Weekly Columns

With Obamacare, Americans were sold a false bill of goods that came with a price tag in the trillions. It has driven up health care costs, busted our budget, stifled job growth and raised taxes on hardworking Arkansans. 

Obamacare has created more problems than it solves. 

The skyrocketing premiums, rising out-of-pocket health care costs and shrinking paychecks all contribute to the underlying anxiety that is hanging over the heads of the American people. 

Add to that a massive new bureaucracy and stark reduction in choices, and you get a law that is simply unsalvageable. 

Obamacare has let the American people down. To see it any other way takes more than rose-colored glasses. It takes blinders. 

Premiums are going up, deductibles are rising and the tax burden for hardworking Americans—and the small business owners that create many of their jobs—has significantly increased.

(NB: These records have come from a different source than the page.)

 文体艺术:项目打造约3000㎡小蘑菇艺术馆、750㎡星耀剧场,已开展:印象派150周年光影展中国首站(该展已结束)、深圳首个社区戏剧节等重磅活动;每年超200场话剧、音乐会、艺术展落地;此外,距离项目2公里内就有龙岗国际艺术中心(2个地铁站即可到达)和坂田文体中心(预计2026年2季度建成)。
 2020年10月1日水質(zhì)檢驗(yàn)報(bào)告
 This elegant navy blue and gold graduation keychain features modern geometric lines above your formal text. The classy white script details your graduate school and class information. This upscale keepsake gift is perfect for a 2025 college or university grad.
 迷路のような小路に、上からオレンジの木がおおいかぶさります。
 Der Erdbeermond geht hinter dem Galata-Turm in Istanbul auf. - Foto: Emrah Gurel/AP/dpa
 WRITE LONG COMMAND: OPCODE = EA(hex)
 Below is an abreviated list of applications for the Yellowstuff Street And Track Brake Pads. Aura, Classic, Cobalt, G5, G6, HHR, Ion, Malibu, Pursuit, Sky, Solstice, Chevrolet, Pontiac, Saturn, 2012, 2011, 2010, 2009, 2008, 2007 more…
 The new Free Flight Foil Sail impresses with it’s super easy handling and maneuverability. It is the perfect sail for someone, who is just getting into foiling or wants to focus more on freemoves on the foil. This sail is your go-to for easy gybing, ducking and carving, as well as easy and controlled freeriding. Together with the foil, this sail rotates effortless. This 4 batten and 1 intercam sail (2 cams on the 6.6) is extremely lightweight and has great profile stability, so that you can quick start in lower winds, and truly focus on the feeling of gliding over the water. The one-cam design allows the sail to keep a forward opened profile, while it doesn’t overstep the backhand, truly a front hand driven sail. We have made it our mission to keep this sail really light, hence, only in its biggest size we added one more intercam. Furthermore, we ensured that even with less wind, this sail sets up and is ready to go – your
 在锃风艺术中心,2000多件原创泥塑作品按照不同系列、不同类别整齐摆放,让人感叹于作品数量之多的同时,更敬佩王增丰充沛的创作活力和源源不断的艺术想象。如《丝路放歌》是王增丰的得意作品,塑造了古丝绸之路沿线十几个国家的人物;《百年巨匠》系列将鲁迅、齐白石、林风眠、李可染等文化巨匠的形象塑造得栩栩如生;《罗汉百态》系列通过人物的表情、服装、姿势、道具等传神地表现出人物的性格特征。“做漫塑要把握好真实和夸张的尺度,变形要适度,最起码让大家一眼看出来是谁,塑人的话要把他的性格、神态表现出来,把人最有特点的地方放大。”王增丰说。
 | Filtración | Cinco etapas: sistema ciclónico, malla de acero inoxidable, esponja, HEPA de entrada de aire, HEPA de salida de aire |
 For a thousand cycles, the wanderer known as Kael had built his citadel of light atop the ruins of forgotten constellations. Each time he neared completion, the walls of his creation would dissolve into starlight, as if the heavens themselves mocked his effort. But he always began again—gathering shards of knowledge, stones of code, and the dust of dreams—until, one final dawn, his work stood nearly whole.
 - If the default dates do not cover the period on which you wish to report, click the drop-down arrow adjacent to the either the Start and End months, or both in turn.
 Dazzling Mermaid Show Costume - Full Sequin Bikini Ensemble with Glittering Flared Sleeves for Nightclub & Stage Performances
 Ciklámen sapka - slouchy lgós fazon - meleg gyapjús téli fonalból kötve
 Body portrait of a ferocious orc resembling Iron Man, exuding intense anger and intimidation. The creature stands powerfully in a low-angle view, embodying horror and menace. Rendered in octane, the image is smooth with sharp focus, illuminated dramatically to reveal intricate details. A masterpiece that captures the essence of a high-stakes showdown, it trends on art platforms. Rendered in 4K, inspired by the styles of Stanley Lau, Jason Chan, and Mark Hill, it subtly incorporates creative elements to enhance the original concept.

To that last point specifically, Obamacare hits American households with more than $1 trillion in new taxes over the next ten years. It will cost taxpayers more than $116 billion a year according to the Congressional Budget Office. On average, every American household can expect more than $20,000 in new taxes over the next ten years. 

The Senate took a crucial step forward in beginning to lift the burdens and higher costs this law has placed on all Americans. The legislation we passed eliminates more than $1 trillion in tax increases placed on the American people, while saving more than $500 billion in spending. Most importantly, this bill begins to build a bridge from the president’s broken promises to a better health care system for hardworking families across the country. 

That better system is rooted in flexibility, choice, portability and fairness. We must remove bureaucracy from the equation, put patients in control and force insurance companies to compete for their business. 

That is the way to create a sustainable health care system. Sustainable being the the key word as the wheels are already falling off of Obamacare. 

Bloomberg Business reports that UnitedHealth may quit selling coverage in Obamacare’s individual markets in 2017. Losses from the plans this year and next will total more than half a billion dollars. 

This is significant. UnitedHealth is the largest U.S. insurer when you measure by enrollment numbers. The company is experienced in the insurance industry and its technical unit stepped in to help save the program after the disastrous launch of Healthcare.gov. Competitors Anthem and Aetna, among others, have also suffered losses in the marketplaces. 

The Wall Street Journal said insurers cite Obamacare’s foundation as the root problem. The rules that require insurers “to sell to everybody, regardless of their medical history, and at equal prices” has lead to plans carrying “more sick people and fewer healthy people.” Obamacare’s survival depends on enrollment trends that are the exact opposite of this. 

So what happens when Obamacare implodes because it is not doing as well as the Administration pretends it is? 

We can’t wait for that to happen. 

Repeal is the first step. This bill will make the President’s desk and it accomplishes that goal. He will likely veto it, but it sends a clear message that the American people want to replace this program with market-based solutions that will bring the changes that Obamacare, and all it’s broken promises, simply cannot deliver.